Every user is assigned a unique, random key. This means that if, for some reason, person A's key is compromised, person B's (and everyone else's) data is still safe.
We never store your key on our system in a usable format. Your key is encrypted before being stored, and is only decrypted during the time you're logged into our system.
We keep an encrypted backup copy of your key to let us recover your data if you forget your password. It can only be decrypted by select members of our administrative staff, and is only decrypted for the few seconds required to reset a password.
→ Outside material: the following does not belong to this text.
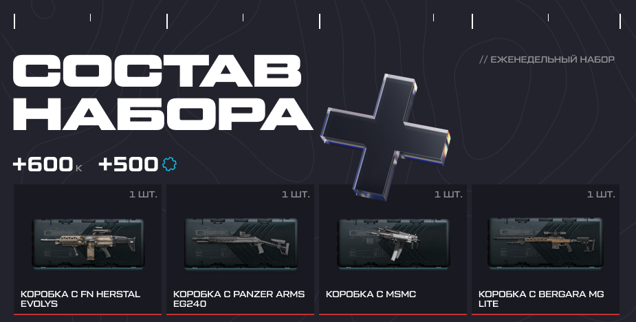 В течение декабря действует акция "Еженедельный набор". Всего вы сможете приобрести 5 наборов, в составе которых — кредиты и коробки удачи. Набор доступен для покупки с 12:00 мск понедельника до 23:59 мск воскресенья. Будьте внимательны: по понедельникам с 00:00 до 11:59 мск набор приобрести нельзя. Вы также не сможете приобрести больше 1 набора в неделю.

When you log into your account, your encryption key is loaded from our database into the webserver's memory and unlocked using your password. While you're logged in, the server uses the unlocked key to encrypt and decrypt your data. This unlocked key is only stored in the server's memory; it is never stored in the database. When you log out, the key is simply discarded.

Auto Logout

If you ever log into our website from a public place, you should always log out when you're finished. We know that this isn't always possible, though. Sometimes people forget, especially when that sometimes people forget to log out, especially if there's an emergency. It's always best to log out when you're done, but if you forget, we'll log you out after 10 minutes of inactivity.

You can Help!

You can help us out by following a few basic security procedures:

Install a firewall and antivirus software on your computer, and keep them up to date.
Make sure the password you use for your mychildslocket.com account is strong. Don't use simple patterns or easy to guess phrases.
Always log out of your mychildslocket.com account when you're finished, especially if you're using it in a public location like a library. We'll automatically log you out after 10 minutes with no activity, but that's up to 10 minutes that someone could have access to your account if you leave without logging out.